INSERT type conversion rules
- In Hive-compatible mode, if a source data type can be explicitly converted to the target column type, MaxCompute automatically inserts a conversion function and runs it.
- In V1.0 and V2.0 modes, the source type must be implicitly convertible; otherwise an error is returned.
  The following succeeds in Hive-compatible mode but fails in V1.0 and V2.0 modes:
```
CREATE TABLE t (a BIGINT);
INSERT INTO TABLE SELECT 1.5;
```
Operator and function behavioral differences across data type editions
- For the +, -, *, /, and POW operators:
  - Hive-compatible:Returns the initial value
  - V1.0 and V2.0:Returns an error; in other modes, NULL is returned
- For the >, >=, =, <, and <= operators applied to DOUBLE values:
  - Hive-compatible:Compares all digits directly
  - V1.0 and V2.0:Compares only the first 15 digits to the right of the decimal point; remaining digits are ignored
- For the &, |, and ^ operators:
  - Hive-compatible:Same type as the input
  - V1.0 and V2.0:Always BIGINT
- For function like:LENGTH,LENGTHB,FIND_IN_SET,INSTR,SIZE,HASH,SIGN
  - Hive-compatible:Returns a INT value.
  - V1.0 and V2.0:Returns a BIGINT value.
- FLOOR,CEIL
  - Hive-compatible: If the input parameter is of the DECIMAL type, a DECIMAL value is returned.

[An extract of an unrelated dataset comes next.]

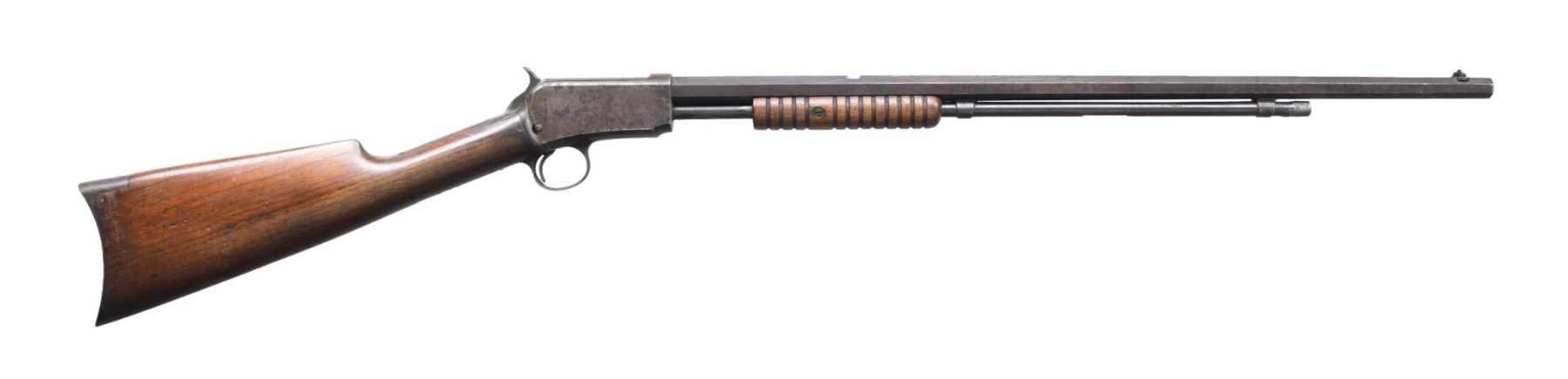 Cal. 22 WRF. S# 317547. Bbl. 24". Model 1890 slide action rifle mfg. by Winchester in 1907. Top flat of the octagonal bbl. is marked with Winchester's mfg. and patent information, followed by the model designation, with "22 W.R.F." marked towards the breech. Metal components exhibit a blue finish overall. Plain wood straight grip buttstock with grooved wood pump. Combination front sight, with globe sight having broken off and being absent. Rear sight is absent. Buttstock screws on the tang are absent. CONDITION: metal components retain trace to fair amounts of their original factory blue finish, exhibiting wear and thinning that shows through to gray and brown patinas, as well as areas of mild to moderate oxidation and pitting overall. Dark pitted bore, exhibiting strong rifling throughout. Wood furniture shows scattered marks and impressions from handling and storage, with the buttstock exhibiting a 1 5/8" gouge on the left side. (24-3824/MLW). CURIO. $300-400.

  - V1.0 and V2.0: If the input parameter is of the DECIMAL type, a BIGINT value is returned.
- FROM_UNIXTIME
  - Hive-compatible:Returns a STRING value.
  - V1.0 and V2.0:Returns a DATETIME value.
- CONCAT_WS
  - Hive-compatible:NULL input strings are ignored; remaining strings are concatenated.
  - V1.0 and V2.0:If any input string is NULL, NULL is returned.
- FIND_IN_SET
  - Hive-compatible:an empty string matches the tail of the search string:
```
find_in_set("","")    -- Returns 1
find_in_set("", "a,") -- Returns 2
```
  - V1.0 and V2.0:An empty string is treated as unmatched and 0 is returned.
- REGEXP_(EXTRACT/REPLACE)
  - Hive-compatible:Java regular expression specifications
  - V1.0 and V2.0:MaxCompute specifications
- SUBSTR
```
STRING SUBSTR(STRING <string>, BIGINT <start_position>[, BIGINT <length>])
```
  start_position: Required. BIGINT type. The default start position is 1.
  - Hive-compatible data type edition: When start_position is 0, the behavior is the same as when the start position is 1.
  - 1.0 and 2.0 data type editions: When start_position is 0, an empty string is returned.
  - BigQuery-compatible data type edition: When start_position is 0, the behavior is the same as when the start position is 1.
  - BigQuery-compatible data type edition: When start_position is less than the negative length of the string, the behavior is the same as when the start position is 1.